# Bestimmte Webseiten werden nicht richtig dargestellt oder sind nicht erreichbar



## Primeltoaster (19. September 2012)

Hey, ich habe seit einigen Tagen ein ziemlich nerviges Problem, wie der Titel schon sagt, habe ich Probleme mit manchen Webseiten, die ich sonst nie hatte. 

Beispiel 1: amazon.de, keine Grafiken werden geladen, sieht dann in etwa so aus: 


			Dieser Inhalt steht nur eingeloggten Mitgliedern zur Verfügung.
        

; über einen Proxyserver wie z.B. von cyberghostvpn.com wird alles ganz normal dargestellt. 

Beispiel 2: chip.de, ist gar nicht erst erreichbar, als wäre die Seite down, genauso wie einige andere Seiten es sind, scheinbar wahllos, eine Supportseite von Western Digital z.B. kann ich auch nicht erreichen, alle Seiten, die ich nich erreichen kann sind aber laut Seiten wie Down For Everyone Or Just Me -> Check if your website is down or up? nicht down. 

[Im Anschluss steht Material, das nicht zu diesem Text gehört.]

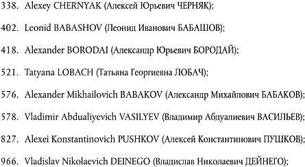 (4) Auf der Grundlage einer Überprüfung der einzelnen Benennungen im Anhang des Beschlusses 2014/145/GASP durch den Rat sollten die Angaben zu 548 Personen und zwei Organisationen aktualisiert werden. Darüber hinaus sollten die Einträge zu zwei Personen und einer verstorbenen Person sowie acht Doppeleinträge aus diesem Anhang gestrichen werden.

Das ganze passiert mir in allen Browsern, die ich benutze, Cache habe ich schon geleert, und an allen 3 Computern, die sich in meinem Netzwerk am Router (benutze kein W-LAN) befinden. Mein Provider ist Kabel Deutschland, wo ich Internet & Telefon 32 nutze. 

Kennt jemand das Problem oder kann mir sonst irgendwie helfen? Kann das mit Kabel Deutschland zusammenhängen?

Vielen Dank.


----------



## ΔΣΛ (19. September 2012)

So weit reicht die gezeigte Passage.